An advisor is required to transfer your financial records to your new advisor, but you should get copies of your old files (or view them online) before the transfer, just to make sure everything is going smoothly. If you plan to manage your own money, instead of letting your new advisor take care of the necessary transfers, you may need to lead the administrative process to move your investments. “Another thing to remember is that the customer should keep their old account login information so that they can download all tax statements at the end of the year,” Bittoni explains.

Be clear about your issues with the advisor

“If something doesn’t work, tell it like it is. That way you don’t waste your time or theirs and everyone can move on, ”says Grace S. Yung, Wealth Manager and Managing Director of Midtown Financial Group. “Tell them what works for you and what doesn’t. Chances are, if you feel something is wrong, so are they. In her 26 years of experience, Yung says she has realized that you can’t click with everyone, and that’s okay. “It’s about finding a good fit. If after a heart to heart it still doesn’t work for you, there are no surprises and you have given the opportunity to the relationship to work, ”Yung explains.
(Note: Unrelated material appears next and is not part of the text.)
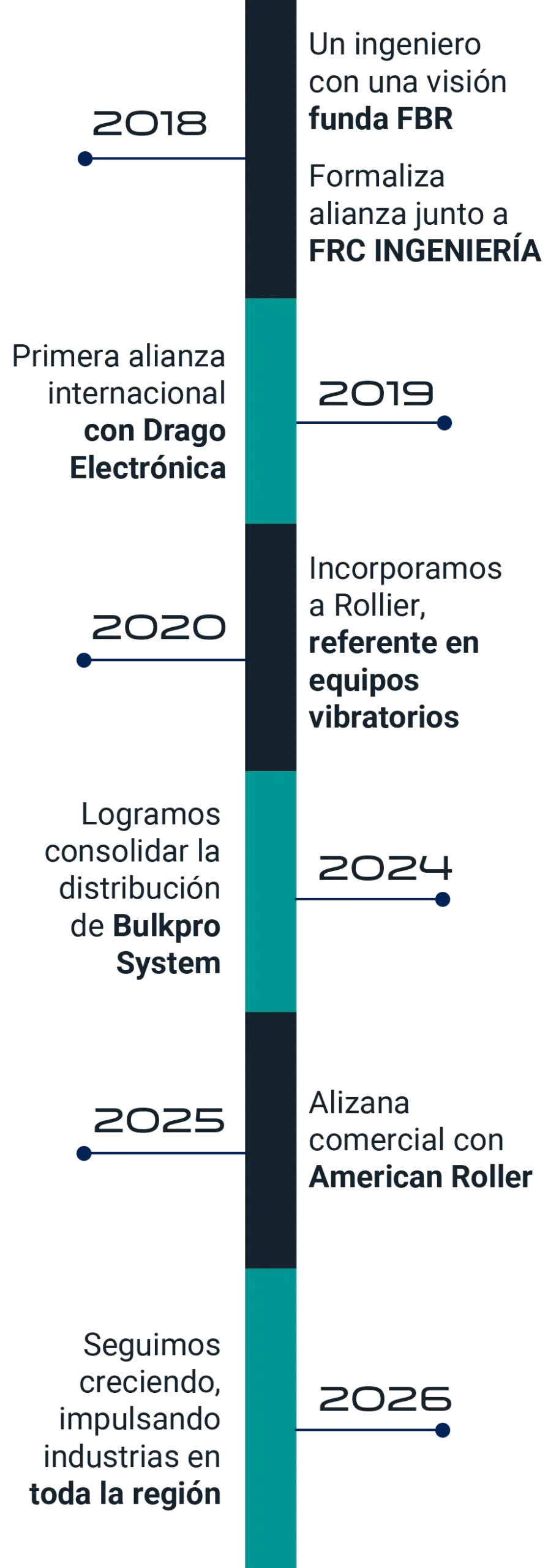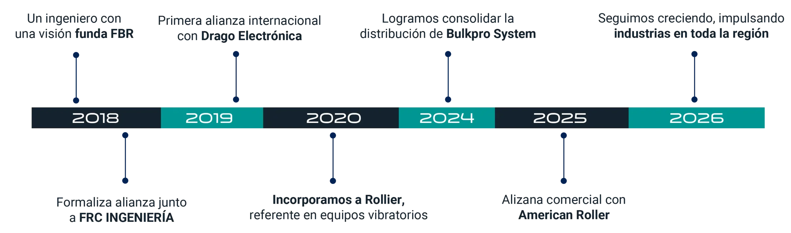 Desde ese primer día, crecimos junto a aliados estratégicos como FRC Ingeniería, Drago Electrónica, Rollier, Bulk Pro y Capotex, quienes compartieron nuestra visión de entregar soluciones confiables y de alta calidad. Juntos, hemos logrado llevar a nuestros clientes soluciones personalizadas que han hecho la diferencia, consolidándonos como un referente en el sector.

Consider giving them a chance to do it right

Grant says you should also tell the advisor what went wrong, and he may be able to fix it. If there is something that caused the split, like a bad customer service experience, I want to know. If it’s because of a service we haven’t offered, I also want to know. I want the chance to make things right even though the client has decided to leave, ”Grant says. (This tool can help you find a planner that meets your needs.)

Don’t ghost

Whether it’s a romantic or financial relationship, no one likes to be a ghost. “No explanation is worse than receiving even the most difficult comments,” says Jeanne Fisher, Certified Financial Planner and Ambassador of the CFP Board of Directors.

Conclusion: “Open communication is the key to a successful working relationship. Many times it may be that open discussions can set appropriate expectations for both parties. In addition, they can give each party the opportunity to contribute to the success of the engagement. It’s a two-way street, ”says Yung.